**Information given:**

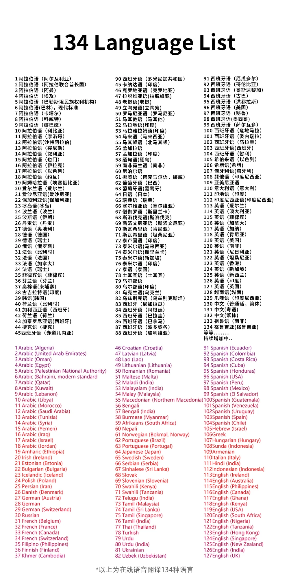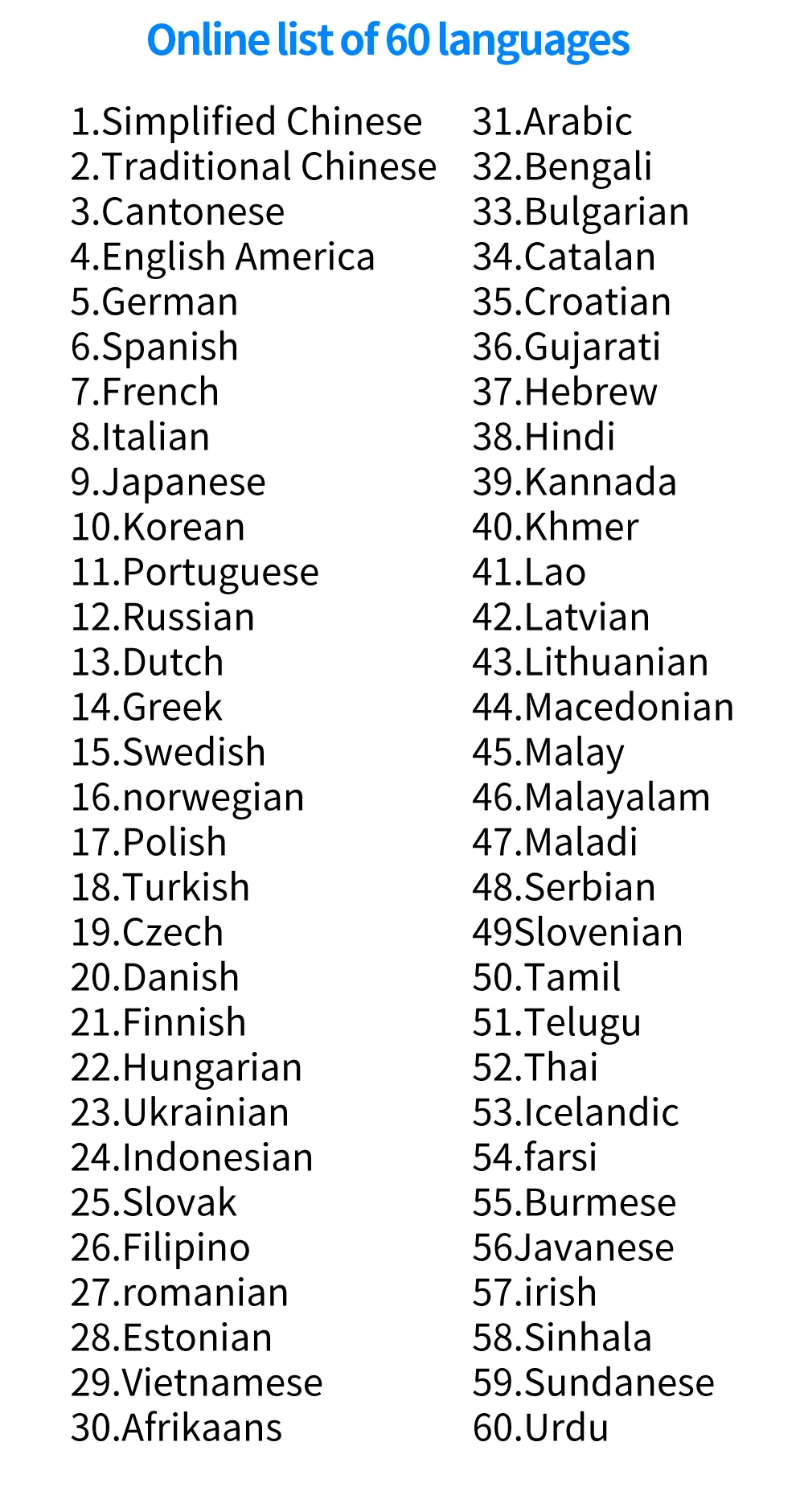 - Output Language: Spanish,Chinese,Arabic,Russian,FRENCH,KOREAN,Portuguese,japanese,English
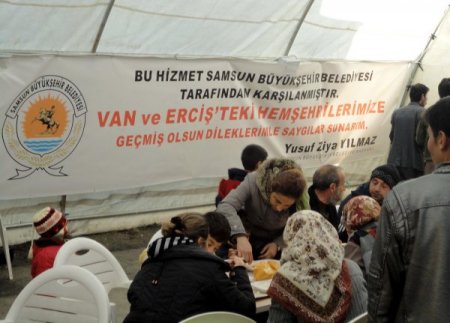 Van'da depreminin yaralarının kısa sürede sarılması için bölgeye yönelik yardımlar devam ederken, yerel yönetimler de acil ihtiyaçları gidermek için seferber oldu. Depremin hemen ardından Samsun Büyükşehir Belediyesi, ildeki bir yemek fabrikası ile anlaşarak, her gün bin kişiye sıcak yemek dağıtmaya başladı. Ayrıca ısınmaya yönelik bir kamyon katalitik, odun ve kömür sobası gönderen belediye, giyecek yardımlarını da yola çıkarmaya hazırlanıyor.
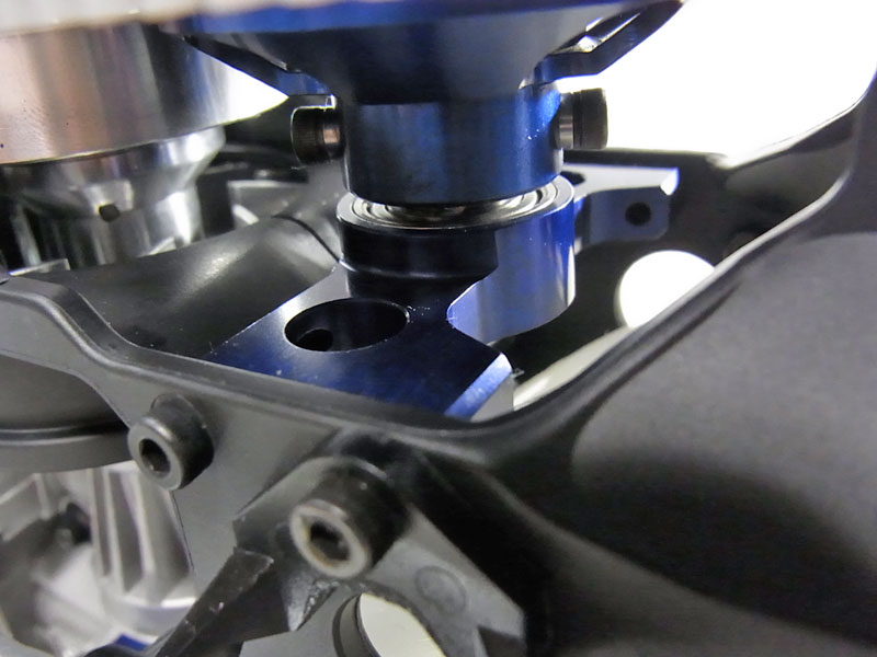 エンジンの芯だしは20/100程度の振れだったので、アルミ箔シムをかませながらなんとか3/100程度へ。もう少し粘ろうかと思いましたが、ネジを脱着するだけでも1/100程度は変わってしまいそうなのでこのあたりで妥結しました。エンジンマウントはそれまで使っていたQuickの4点止めから純正のSD-Gパーツへ。また、ロワーマストベアリングホルダーもSD-Gパーツに変えました。樹脂だとTSで留めるようになってますが、こいつはいつものM3CSできっちり留められるので良さげな感じ
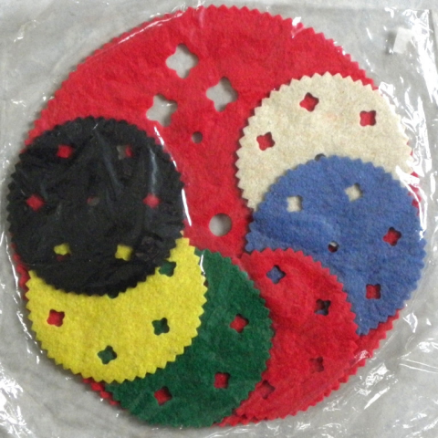 Filc díszterítő szett. 17 cm átmérőjű kör - piros + + 6 db 7 cm kör - vegyes színek. Egyedi, kézműves gyapjúfilc termék. Méret: 17 cm - kör + 6 db 7 cm kör. Szín: nagy - piros, kicsik - vegyes színek. Ajánlott karácsonyi ajándék.
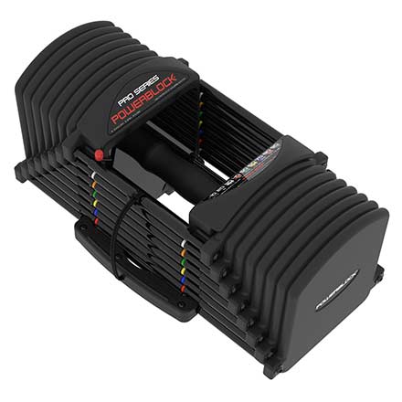 - The Pro 50 Set has a weight range of 5-50lbs per hand, gives every 2.5 lb increment, and replaces 20 pairs of dumbbells in the space of 1 pair

**Work required:**
Leave out every picture, and write out exactly the lines from the one with "エンジンの芯だしは20/10" through the end of the records above, both ends included.

**Solved problem:**
 エンジンの芯だしは20/100程度の振れだったので、アルミ箔シムをかませながらなんとか3/100程度へ。もう少し粘ろうかと思いましたが、ネジを脱着するだけでも1/100程度は変わってしまいそうなのでこのあたりで妥結しました。エンジンマウントはそれまで使っていたQuickの4点止めから純正のSD-Gパーツへ。また、ロワーマストベアリングホルダーもSD-Gパーツに変えました。樹脂だとTSで留めるようになってますが、こいつはいつものM3CSできっちり留められるので良さげな感じ
 Filc díszterítő szett. 17 cm átmérőjű kör - piros + + 6 db 7 cm kör - vegyes színek. Egyedi, kézműves gyapjúfilc termék. Méret: 17 cm - kör + 6 db 7 cm kör. Szín: nagy - piros, kicsik - vegyes színek. Ajánlott karácsonyi ajándék.
 - The Pro 50 Set has a weight range of 5-50lbs per hand, gives every 2.5 lb increment, and replaces 20 pairs of dumbbells in the space of 1 pair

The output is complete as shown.